Work item: Output exactly the lines below from the one containing "Chaqueta de tweed, pasamano en contraste" to the last line, both included. Omit pictures.

↓↓↓

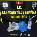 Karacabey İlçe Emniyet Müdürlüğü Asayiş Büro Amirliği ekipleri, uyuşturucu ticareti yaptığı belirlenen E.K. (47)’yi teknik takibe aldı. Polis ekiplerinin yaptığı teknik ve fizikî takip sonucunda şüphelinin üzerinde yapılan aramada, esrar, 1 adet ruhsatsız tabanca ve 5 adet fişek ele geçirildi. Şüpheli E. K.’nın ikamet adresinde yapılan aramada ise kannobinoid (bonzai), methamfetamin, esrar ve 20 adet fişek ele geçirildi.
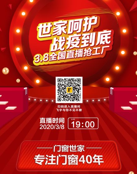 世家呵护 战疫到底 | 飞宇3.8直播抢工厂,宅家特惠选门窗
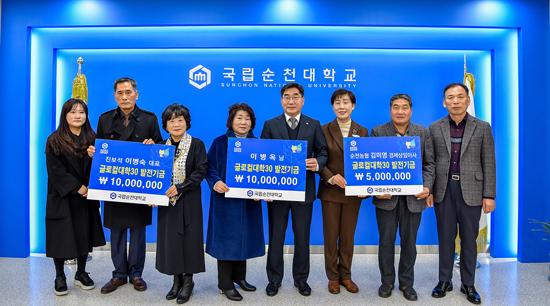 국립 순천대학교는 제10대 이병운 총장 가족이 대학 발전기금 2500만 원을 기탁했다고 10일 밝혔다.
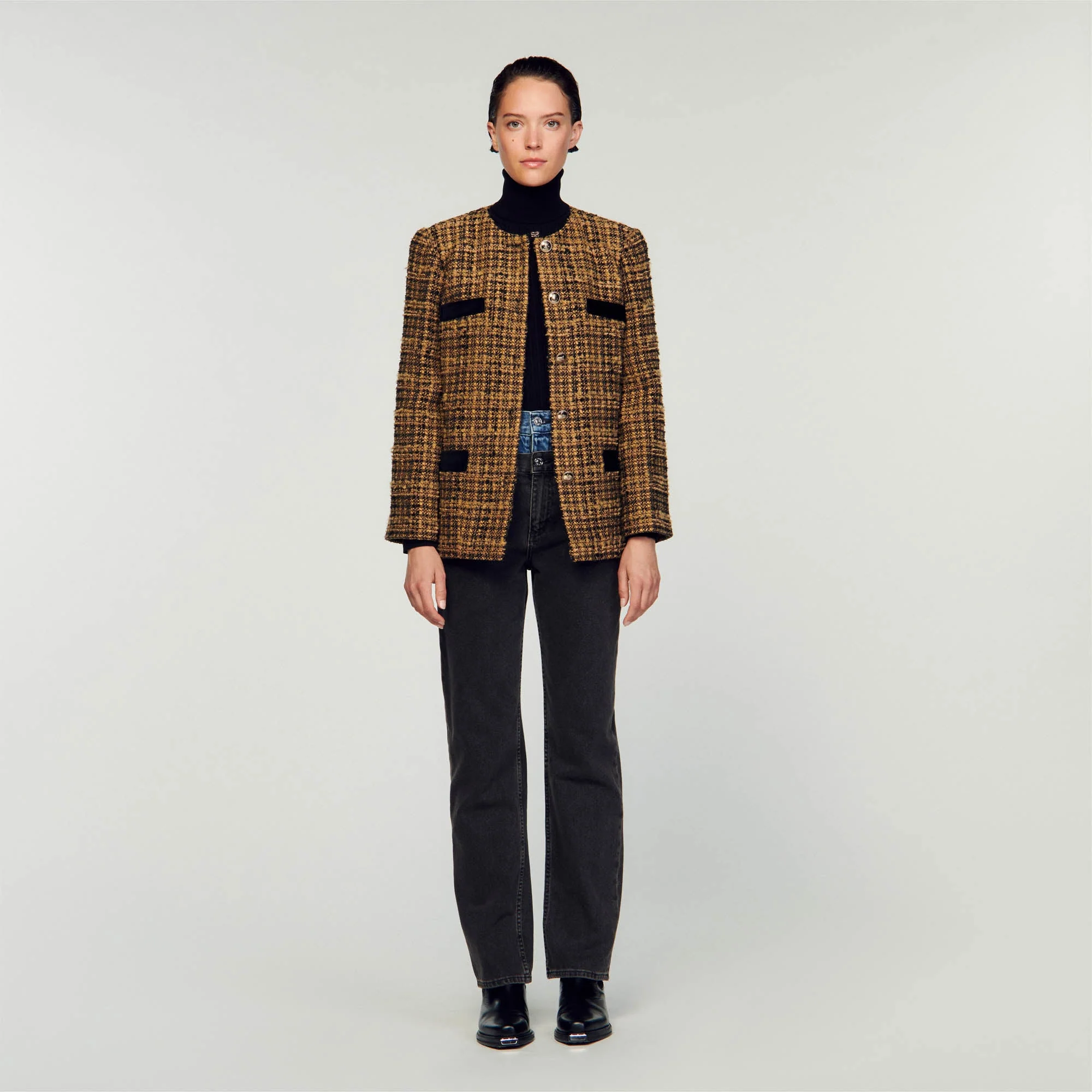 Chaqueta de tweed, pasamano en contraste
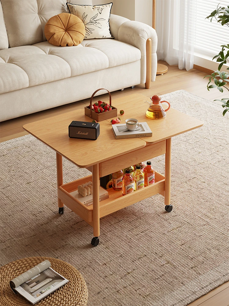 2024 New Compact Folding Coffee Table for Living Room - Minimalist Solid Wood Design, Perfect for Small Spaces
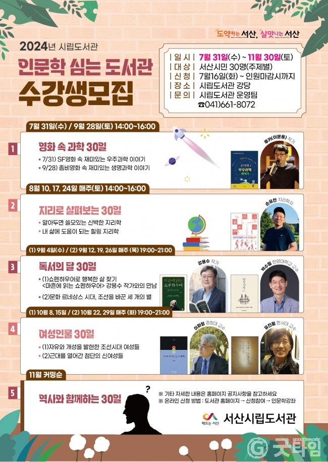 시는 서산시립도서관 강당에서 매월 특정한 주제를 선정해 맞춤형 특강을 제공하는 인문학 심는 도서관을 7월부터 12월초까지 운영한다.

↑↑↑

Result below:
 Chaqueta de tweed, pasamano en contraste
 2024 New Compact Folding Coffee Table for Living Room - Minimalist Solid Wood Design, Perfect for Small Spaces
 시는 서산시립도서관 강당에서 매월 특정한 주제를 선정해 맞춤형 특강을 제공하는 인문학 심는 도서관을 7월부터 12월초까지 운영한다.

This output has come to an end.